Wednesday 22 June 2011

Do we still need spiritual nourishment?

Across the Western World there has been, over the last 50 years or so, a decline in perceived spirituality. Church congregations are generally falling, people who describe themselves as spiritual are generally older, with a shift away from faith by the younger generations. This is not a global phenomenon. The Catholic church is seeing global adherants rising, as is Islam, but despite repeated efforts from the mainstream religions, the decline is ongoing. There can be little dounbt that the Uk can now be considered a secular society, as can areas of America and Europe. However there is a note which must be added to this. Whilst mainstream religions seem to be on the wane there is a growing undercurrent of non-mainstream faith paths based losely around the "new-age" pseudo-philosophies that came out of the 1960's and '70's and the revival of Western mystery faiths grouped together under paganism.

There have been numerous proposals for both the decline in religion and the upsurge in alternative faiths, from a greater understanding of science, through the work of academics such as Richard Dawkins, through to the failure of the mainstream faiths to address relevant issues in a changing World, but there are flaws with all of these arguments. As is so often the case the real reasons will almost certainly be a conflation of a number of different reasons, each given different importance by each individual affected.
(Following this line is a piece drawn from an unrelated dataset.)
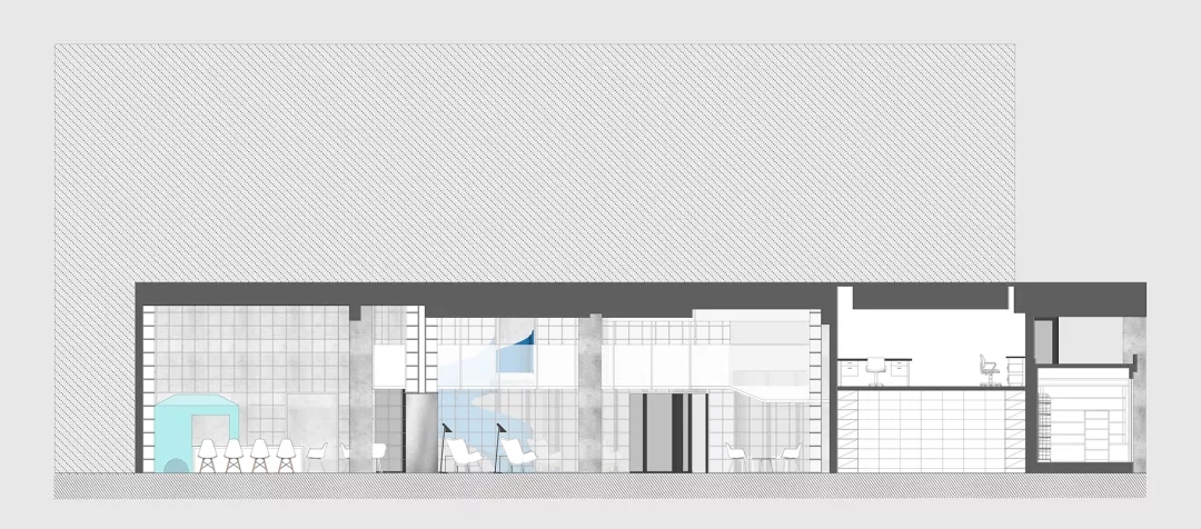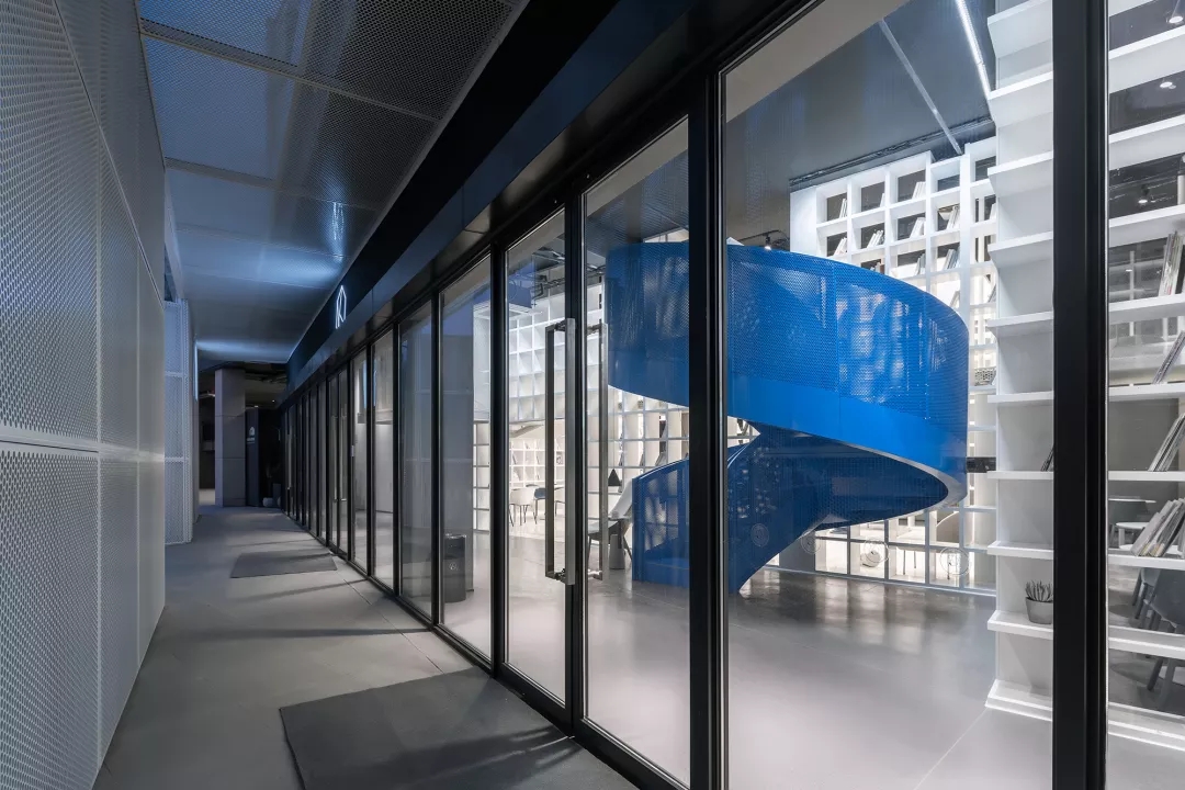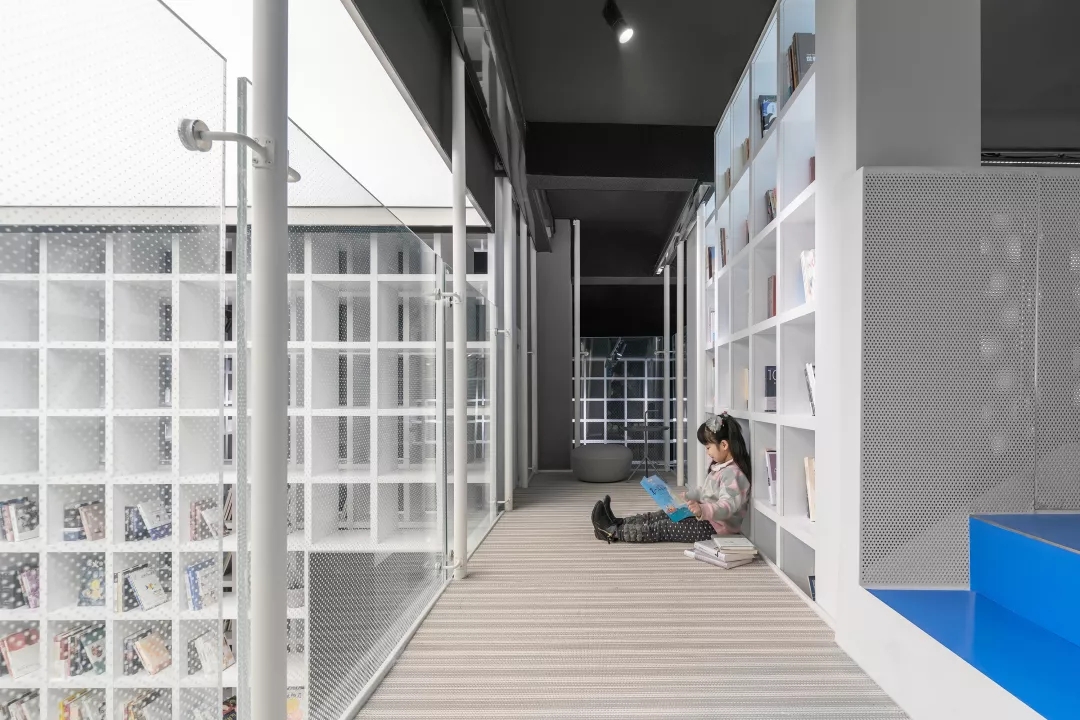 我用蒂芬妮藍閱讀屋作為女性盒子的中心,與此呼應的是入口可見的卡萊茵藍螺旋樓梯,以及盒子背面室外的明黃色兒童活動場地。他們精致地鑲嵌在有些迷離模糊的空間中成為點睛之筆。如果社區客廳藏在陳詞濫調的商業里面之后,就失去了示范作用。有空客廳的立面就是一個打開的盒子,高4米的半開門是穿孔鋁板制作的,形成了Wutopia Lab標志性的半透明界面。你能從這里隱隱約約的窺看到,溫暖的燈光,明亮的藍色,和孩子的笑聲。
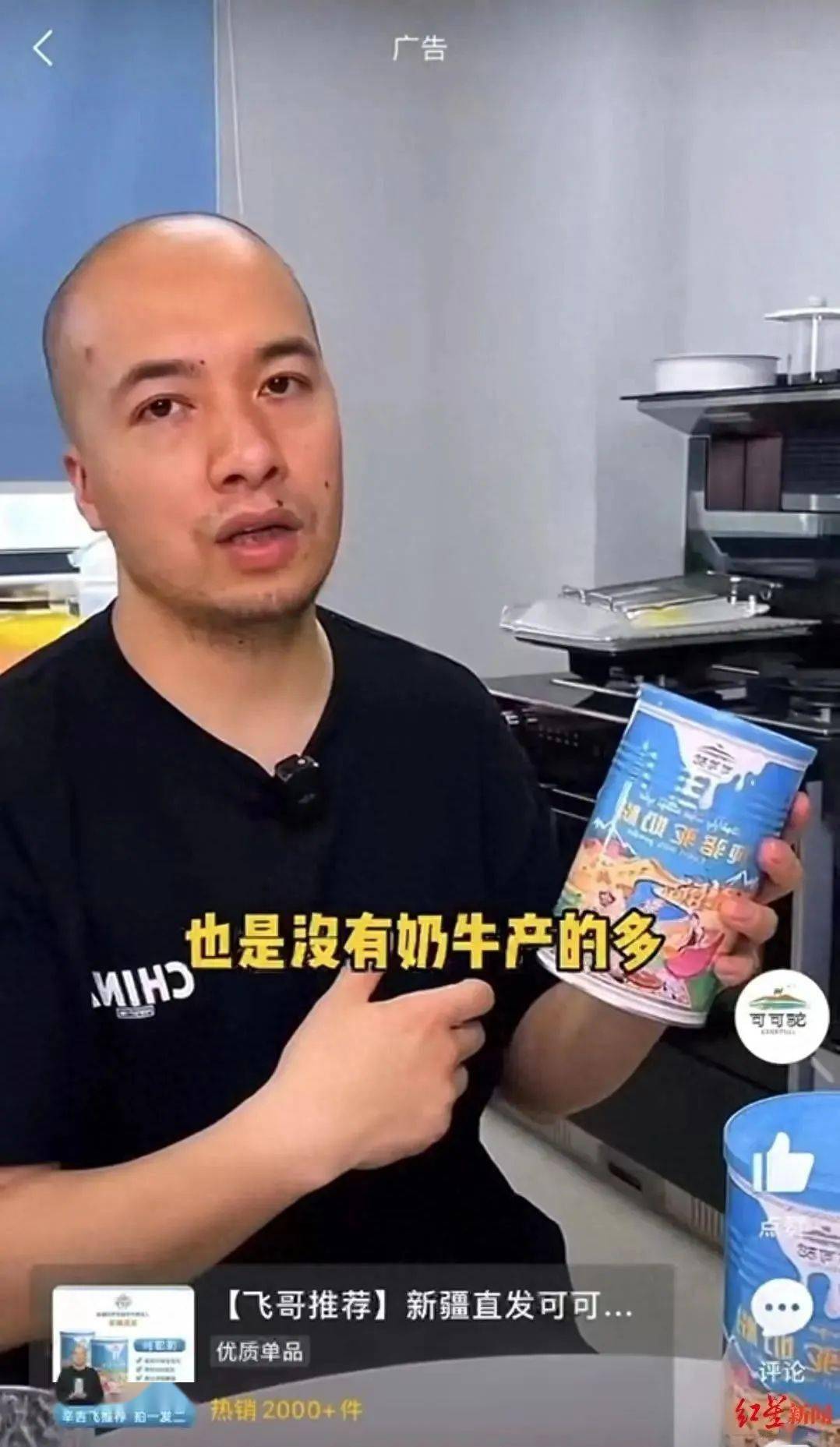 网红辛吉飞为可可驼纯骆驼奶粉做推介。图源:视频截图

The complexity of the interactions between conflicting though processes and the way those processes and causal positions are interpreted by individual minds is beyond our current capabilities to map in any but the most surface level.

What is interesting is that even as we approach an understanding of our World and its' processes, we still feel draw to something beyond, something more, something beyond the scope and remit of science. It seems to be built in, coded into our very DNA, fundamental to who we are as a species. I wonder why?